Peter,
First of all, let me apologize for confusing you with Peter Churchyard,
and second for not replying to your message before now.
Frankly, I am still trying to figure out what you said, and whether I
agree with you or not. Your messages sometimes seem like the
perfect example of Churchill's "Two peoples separated by a common
language."
I am happy to say that Steve Kent, Hoyt Kesterson, Sead Muftic,
and I were at the recent ABA workshop on Notarization and
Nonrepudiation, and worked together with several of the lawyers
on trying to understand some of the naming issues from both a
technological and a legal basis. In doing so, we tried to work through
a number of the harder types of issues, involving croporations such as
GTE that are in effect holding companies, multinational organizations
such as Groupe Bull and Bull HN, multiple-locations organizations,
Doing Business As companies, franchise operations, etc.
In this process we tried to consider the following:
1. What information should the PCA and/or the CA collect about
the subject, if only to protect itself by showing due diligence.
2. What information should be in the DN that is included in the X.509
certificate, and what information, if any (Steve says none, I say
maybe a little, but I'm willing to bend) should be included in the
signed certificate in an optional attribute field (assuming X.509-1/2).
3. What information should be in the DN of the X.500 entry which
contains the (one or more) X.509 certificate as a value entry.

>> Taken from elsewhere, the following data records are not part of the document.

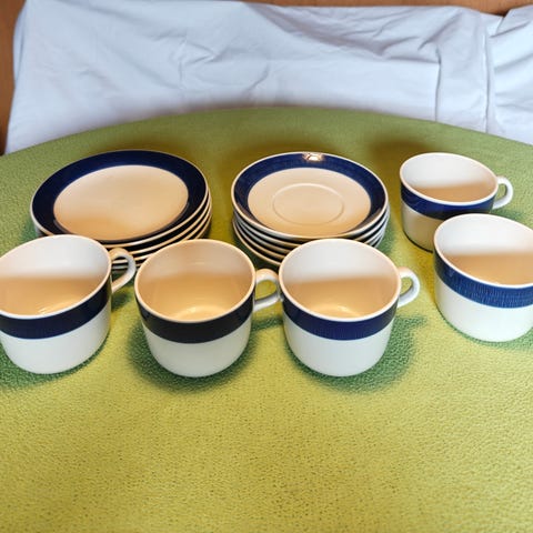 KOKA kop med underkop hvid/blå porcelæn - 10 stk.
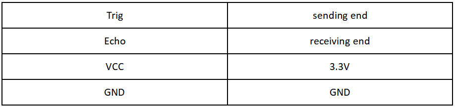 The model of the ultrasonic distance sensor we use is hc-sr04, it is mainly composed of two left and right probes, looking like our human eyes. One probe is responsible for transmitting sound waves for detection, and the other probe is responsible for receiving sound waves for return. It has 4 pins, which are VCC; Trig (control end - trigger signal input); Echo (receiver - recovery signal output); Gnd(ground).
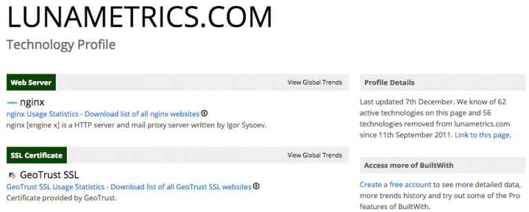 빌트위드는 당신이 예상할 수 있는 일을 합니다. 이는 사이트를 만드는 데 어떤 기술이 사용되었는지 알려주는 웹 사이트 프로파일러 도구입니다. 사이트가 어떤 CMS와 함께 구성되었는지(Builtwith)(이해했죠?), 사이트에 어떤 분석이 구현되었는지 등을 확인할 수 있습니다! SEO 클라이언트 작업을 하고 있는 분들을 위한 훌륭한 도구입니다. 또한 빠른 검사를 선호하는 사용자를 위한 크롬 확장 프로그램도 있습니다.
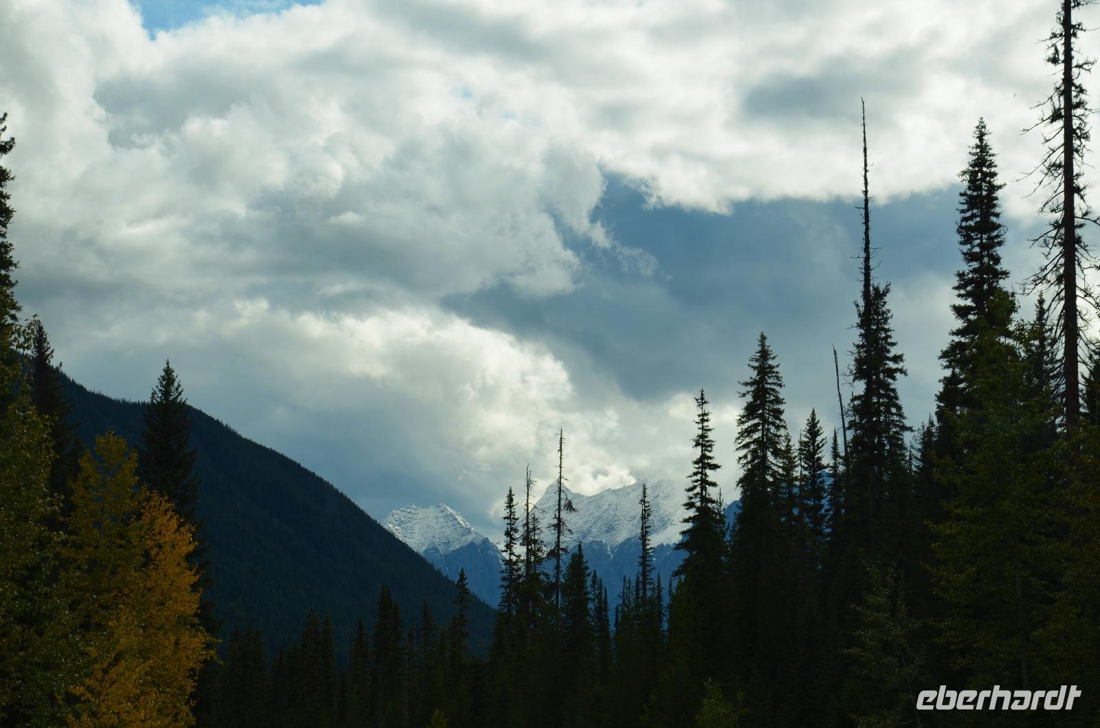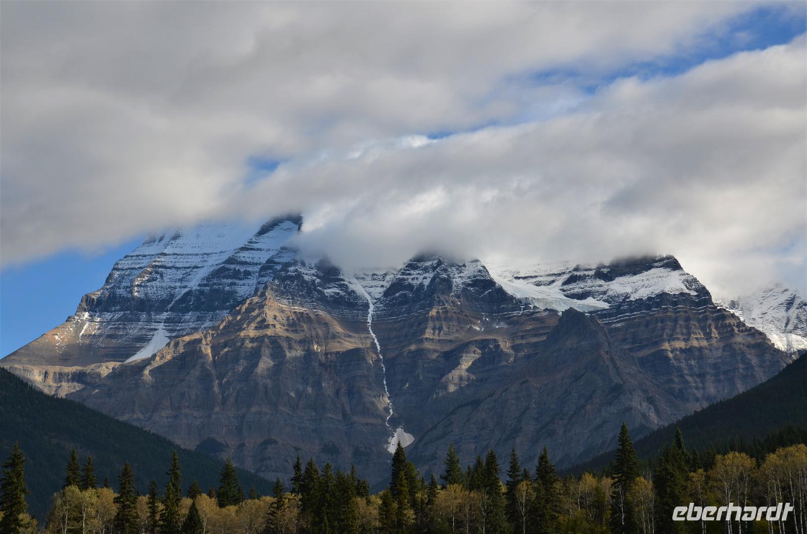 Die Landschaft verändert sich zusehends. Die Berge werden immer kleiner, die Wälder werden dichter und artenreicher und am Flussufer tun sich weite, golden leuchtende Wiesen auf, eingebettet in eine ausgedehnte Sumpflandschaft. Der perfekte Lebensraum für Elche und Schwarzbären. Obwohl alle Späher hoch konzentriert auf ihren Posten sind, werden unsere kräftezehrenden Bemühungen nicht belohnt. Aber beschweren können wir uns nach gestern nicht... So machen wir uns auf zu neuen Taten und überqueren die Grenze hin zur am westlichsten gelegenen Kanadischen Provinz „Britisch-Kolumbien". Ein Eingangsschild und eine Gruppe Kanada Gänse heißen uns dabei willkommen, wobei wir zusätzlich die Uhren um eine weitere Stunde zurückstellen dürfen. Auf der bisherigen Fahrt passieren bereits zwei Meilensteine. Zum einen beginnt mich Dave mit „Boss" zu betiteln - wenigstens einer, der endlich meine Qualitäten erkennt - und zum anderen lüften wir endlich das Geheimnis um die Bettlaken in den Hotels. In Kanada gibt es nämlich keine Bettbezüge. Die Bettdecke wird lose in zwei Laken eingewickelt, wodurch man nachts bei einem normalen Bewegungsaufkommen bei Zeiten unter der nackigen Decke liegt. Laut Gudrun hat dies Kostengründe, wird traditionell so durchgeführt und ist hygienischer. Beim letzten Argument kann ich mich allerdings nicht anschließen, was vielleicht daran liegen mag, dass ich mich nachts sehr viel bewege... ;) Immer entlang des „Yellowhead Highways" erreichen wir bald unser erstes Ziel - den „Mount Robson Provincial Park". Vom Besucherzentrum aus hat meinen einen perfekten Blick auf den Koloss, dessen Bergspitze die meiste Zeit des Jahres unter einer dicken Wolkendecke versteckt ist. So auch bei uns. Mit seinen 3954 Metern ist er der höchste Berg in den Kanadischen Rocky Mountains und eine wahre Schönheit. Bis zu unserer Ankunft in Clearwater am Nachmittag plätschert der Tag vor sich hin. Wir stoppen
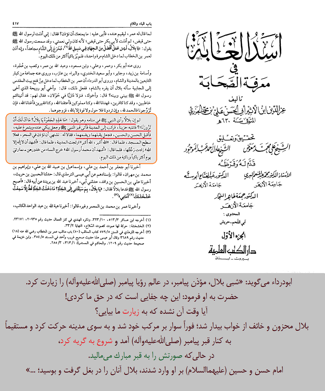 ابودرداء میگوید: «شبى بلال، مؤذن پیامبر، در عالم رؤیا پیامبر (صلىاللهعلیهوآله) را زیارت کرد. حضرت به او فرمود: این چه جفایى است كه در حق ما کردى! آیا وقت آن نشده كه به زیارت ما بیایى؟ بلال محزون و خائف از خواب بیدار شد؛ فوراً سوار بر مركب خود شد و به سوى مدینه حركت کرد و مستقیماً به كنار قبر پیامبر (صلىاللهعلیهوآله) آمد و شروع به گریه كرد، در حالىكه صورتش را به قبر مبارك مىمالید. امام حسن و حسین (علیهماالسلام) بر او وارد شدند، بلال آنان را در بغل گرفت و بوسید؛ ...»
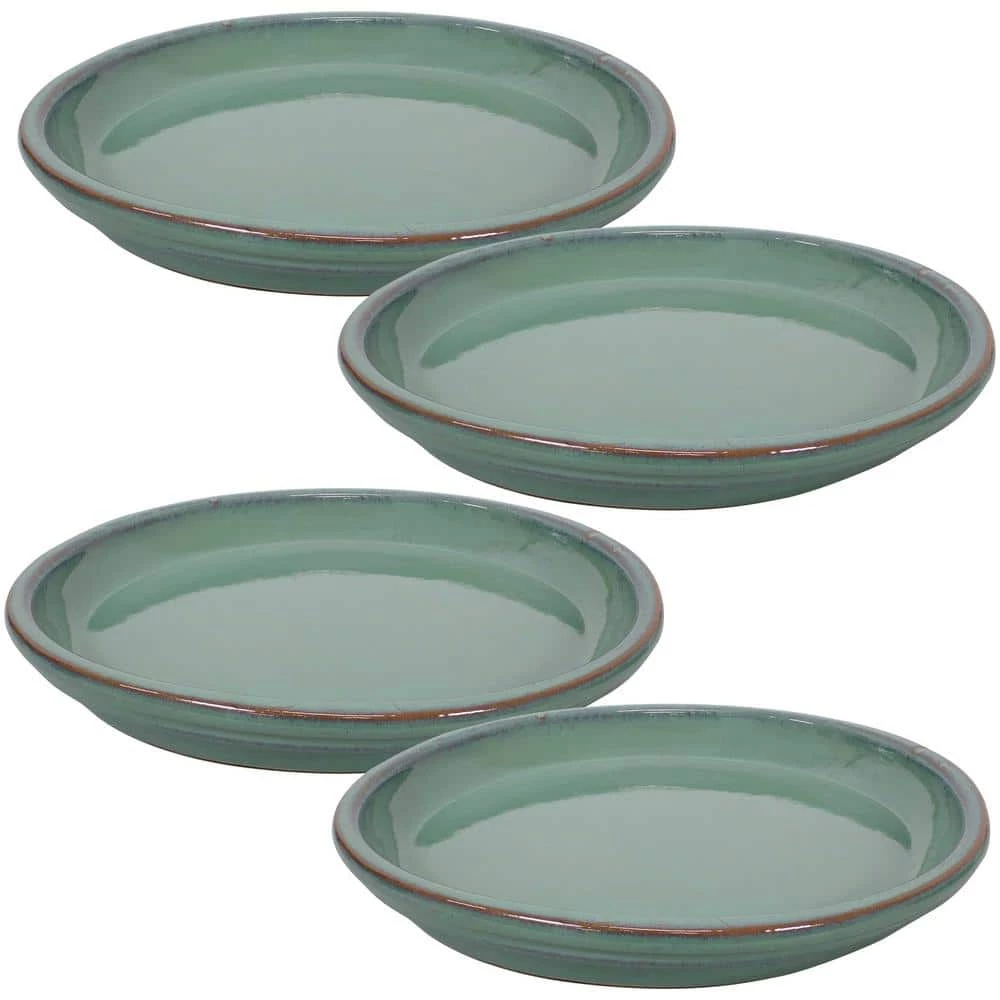 Use this set of 4 saucers with favorite planters to protect floors and other surfaces inside or outside the home. The round, hand-painted saucer trays are a great tool to use with favorite planters to be able to use them inside the house or just on the deck to prevent any water damage. It features vibrant coloring and has a raised edge to collect excess water and soil spillage.
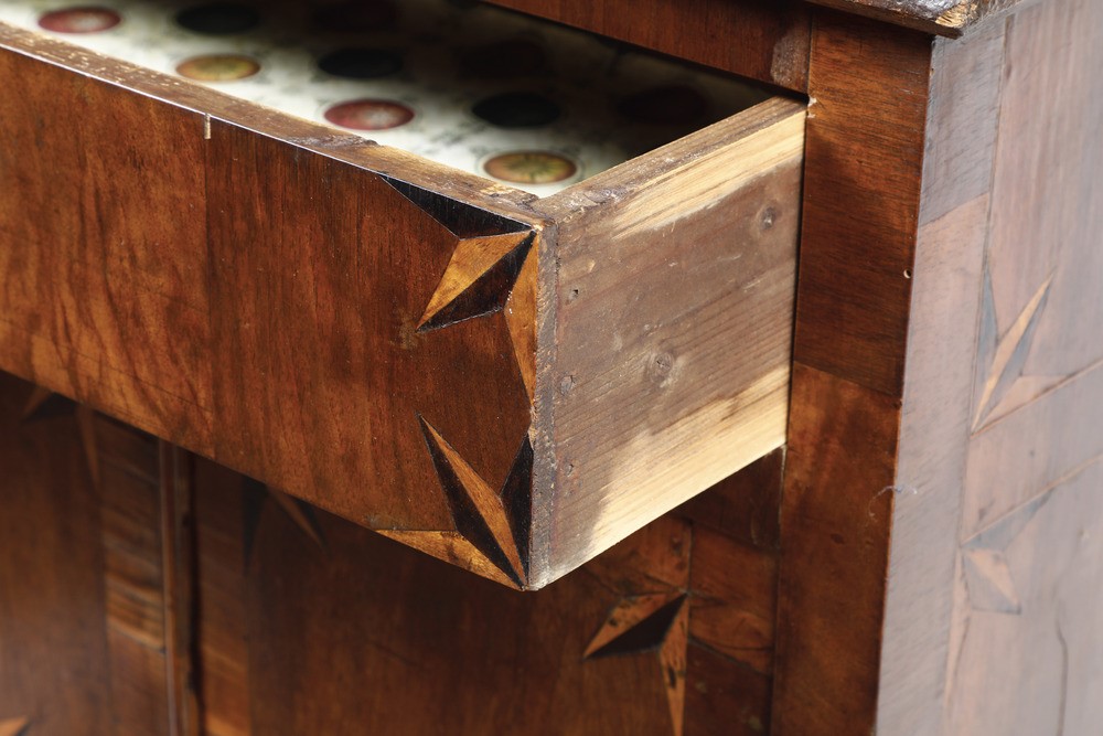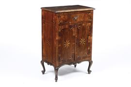 Piccola credenza intarsiata a due ante. XIX secolo
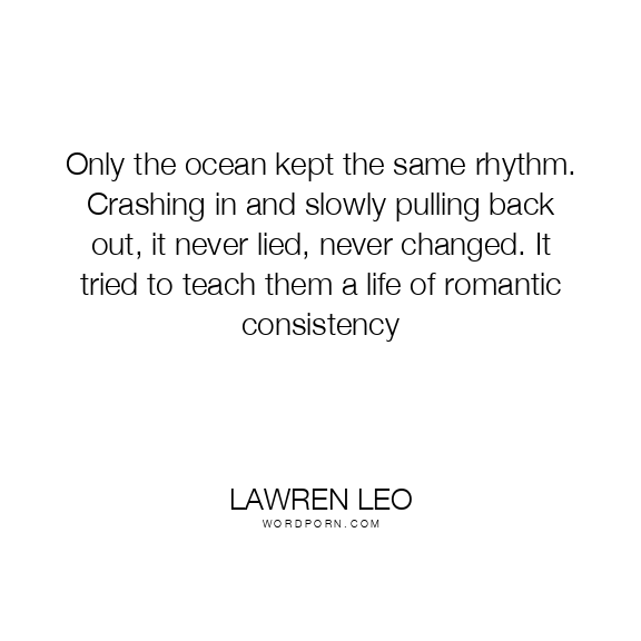 Only the ocean kept the same rhythm. Crashing in and slowly pulling back out, it never lied, never changed. It tried to teach them a life of romantic consistency
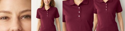 Contoured side seams and 4-button placket add dash to this stain-resistant jersey knit shirt.

4. What information should be normally included in a more user-friendly
alias, for yellow pages and browsing access, and for business card
e-mail addresses.
I believe we reached a reasonable concensus on these issues for names
that are strictly used for identification, including CA names. We ran out of
time
on the issue of role names and implied agency or authorization, and didn't
address the issue of an explicit authorization or capability-granting
certificate at all. Nor did we have time to address the issue of negative
CRLs vs. positive Certificate Validation Certificates (to make up a name for the
concept that Sead and I have been batting around.)
However, what I think I understood us all to agree to may be different from
what the others heard, and we may come up with additional examples and/or
second thoughts. I volunteered to be the scribe, since I also accepted
the responsibility for the naming section in the ABA document/book/encyclopedia
that we are commencing, so I will exchange drafts with the other three
for their comments before posting them on PEM.
In the meantime, I will try to at least comprehend what you are saying, and
try to decide whether we are in violent agreement or not. If you have any
further thoughts or comments, please pass them on.